First, let's calculate the volume of the room:
Room Volume = length × width × height = 3 m × 2.75 m × 2.5 m = 20.625 m^3
Next, we need to find the number of moles of propanol in 10.0 L:
Number of moles of propanol = volume of propanol (Liters) × density of propanol (g/mL) ÷ molar mass of propanol (g/mol)
Molar mass of propanol (C3H8O) = (3 × molar mass of carbon) + (8 × molar mass of hydrogen) + (1 × molar mass of oxygen)
Molar mass of carbon = 12.01 g/mol
Molar mass of hydrogen = 1.01 g/mol
Molar mass of oxygen = 16.00 g/mol
Now we can calculate the molar mass of propanol:
Molar mass of propanol = (3 × 12.01 g/mol) + (8 × 1.01 g/mol) + (1 × 16.00 g/mol)
Using the given data, the density of propanol at 25 °C is 0.804 g/mL. Let's convert that to g/L:
Density of propanol (g/L) = 0.804 g/mL × 1000 mL/L
With this information, we can calculate the number of moles of propanol:
Number of moles of propanol = 10.0 L × (0.804 g/mL × 1000 mL/L) ÷ (molar mass of propanol)
Now we have the number of moles of propanol.
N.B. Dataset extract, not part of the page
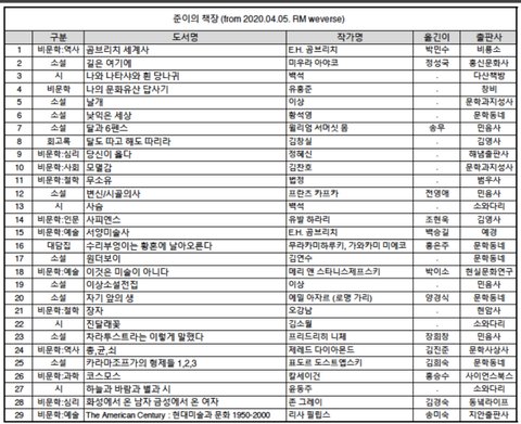 얼마전 우리버스에 일상을 유지하는 리더의 책장사진이 올라왔잖아 책목록이 짹에 정리된게 있어서 가져옴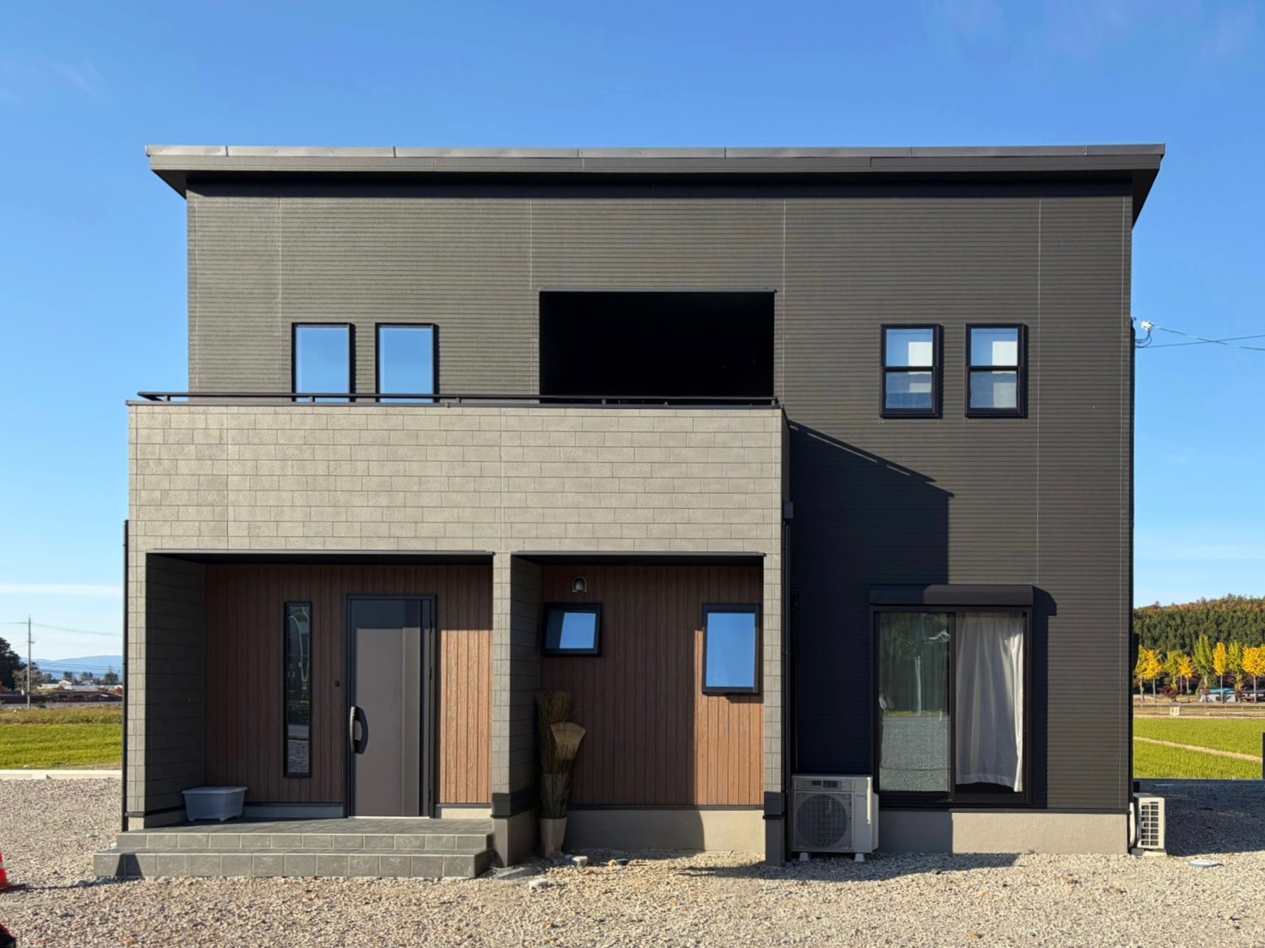 ダークトーンを基調とした外観に、素材の貼り分けで表情を持たせたシンプルモダンな住まい。直線的なフォルムが、落ち着きと存在感を演出します。

To find the partial pressure of propanol, we can use the ideal gas law equation:
Pressure × Volume = n × R × Temperature
We know the volume of the room and the temperature is 25 °C, which we need to convert to Kelvin:
Temperature (Kelvin) = 25 °C + 273.15
The ideal gas law equation becomes:
Pressure × 20.625 m^3 = (number of moles of propanol) × (R constant) × (temperature in Kelvin)
We can rearrange the equation to solve for pressure:
Pressure = (number of moles of propanol) × (R constant) × (temperature in Kelvin) ÷ 20.625 m^3
Given that the vapor pressure of propanol is 10.7 torr, we need to convert it to atm:
Vapor pressure of propanol (atm) = 10.7 torr ÷ 760 torr/atm
Now, we can compare the vapor pressure of propanol to the partial pressure of propanol in the room. If the partial pressure is less than the vapor pressure, then all the propanol will evaporate; otherwise, if the partial pressure is greater than or equal to the vapor pressure, some liquid will remain.
Let's calculate the partial pressure of propanol and compare it to the vapor pressure to determine whether all the propanol will evaporate or if some liquid will remain.